04-23-2018 10:19 AM
I'm fairly green to labview and could use much help as possible. I am trying to make a VI that control a solenoid for a valve endurance test. The test is going to bias a valve back and forth repeatedly. It'll bias the valve in sets of 250 cycles, wait 5 hours between each cycle, and wait 24 hours in between each set. Just to state it another way, let's say there's in total 1000 cycles. Once it starts it'll look like [bias>wait 5 hours>repeat all previous 250 times>wait 24 hours>repeat all previous 4 times]. I have an NI 9474 that should work with the solenoid I'll be using and need it to send out a signal that'll be in time with the set I just stated.

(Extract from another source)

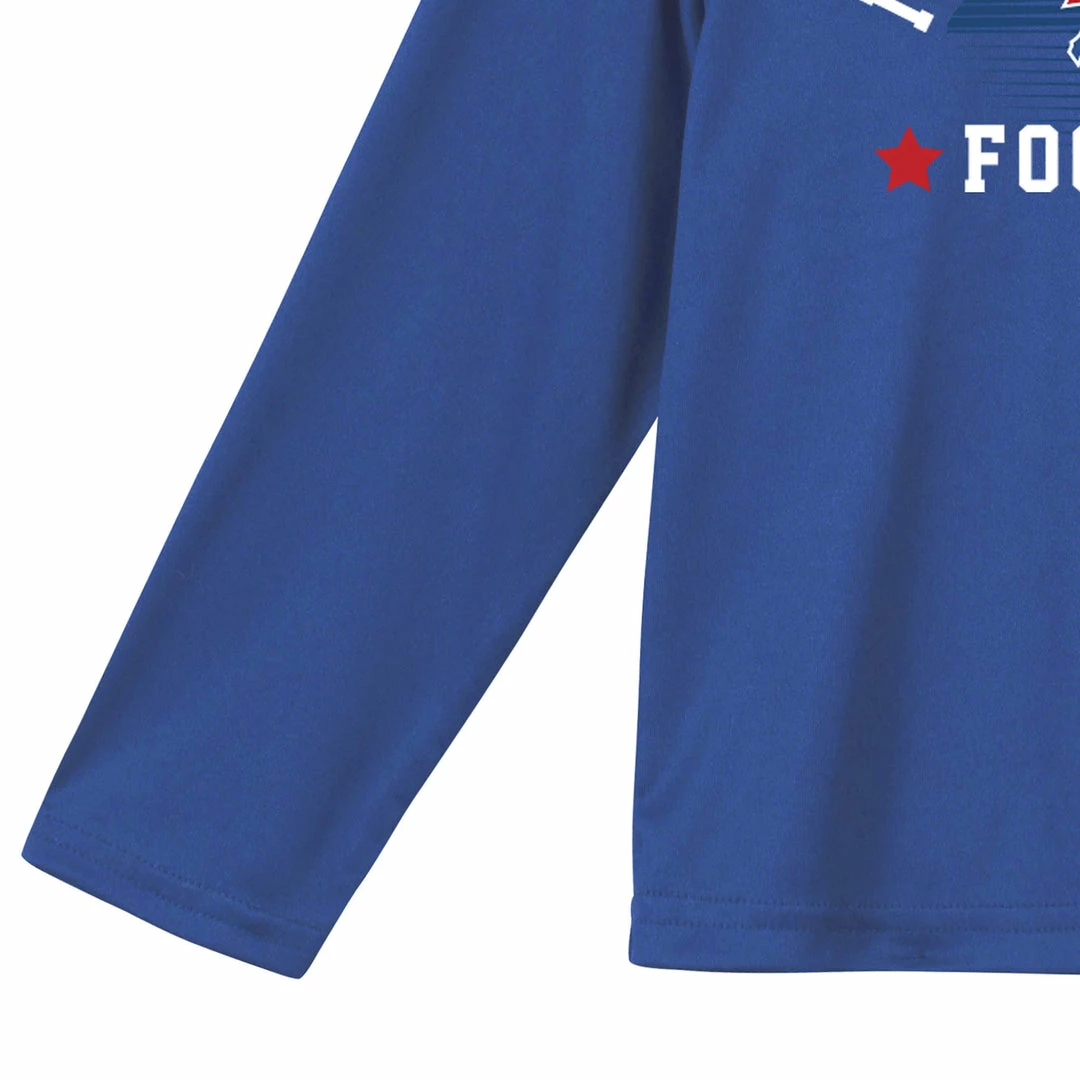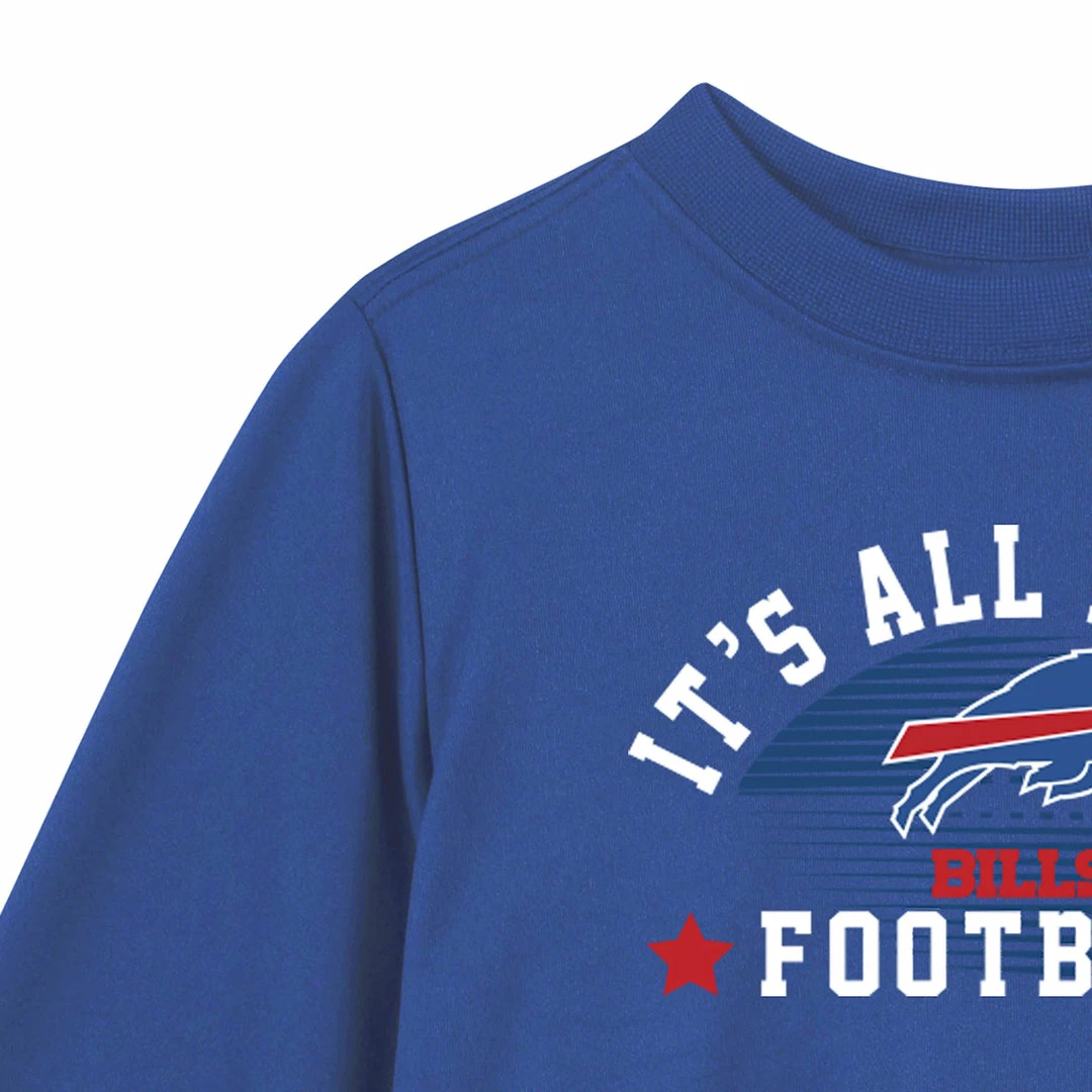 Come on, Bills! Get the smallest family members ready to cheer with our officially licensed NFL long sleeve tee. This product contains Repreveยฎ polyester made from recycled plastic bottles (or recycled content). Products made with Repreve help to conserve energy and natural resources. And, gives you another great reason to recycle. The tee features a comfy, casual crew neck to keep your little one comfortable throughout the entirety of the game (and the whole day long!). The screen print team logo is bright and bold and is featured front and center on the t-shirt. This t-shirt is machine washable to take care of any game-time spills.

I've tried using the DAQ Assistant, but (specifically with the NI 9474) it asks for 1-D digital waveform input data and I've been having a lot of difficultly trying to convert a timed signal to that data type. My main question is how do I send out a signal with the a NI 9474 DAQ card? And if you could help me make the code meet my timing sequence that would help me so much, I'm thinking of using a few while loops but I'm hoping there is a better way that I'm not aware of. I'm using LabVIEW 2012 and thank you for any help in advance.
04-23-2018 11:34 AM
04-23-2018 11:37 AM
I haven't, how would that work with the DAQ Assistant? Would it work within a while loop?
04-23-2018 05:44 PM
I do most of my DAQmx advice in threads where I advocate for the use of hardware-timed DAQ.
Your case is exactly the opposite. The first most important thing to do is *NOT* use hardware timing for your DAQ task. Use on-demand mode instead so that you can write 1 value that the DAQ hardware will hold indefinitely until it's time to write a different value.
This will fit in very nicely with the state machine approach that was already suggested by GerdW.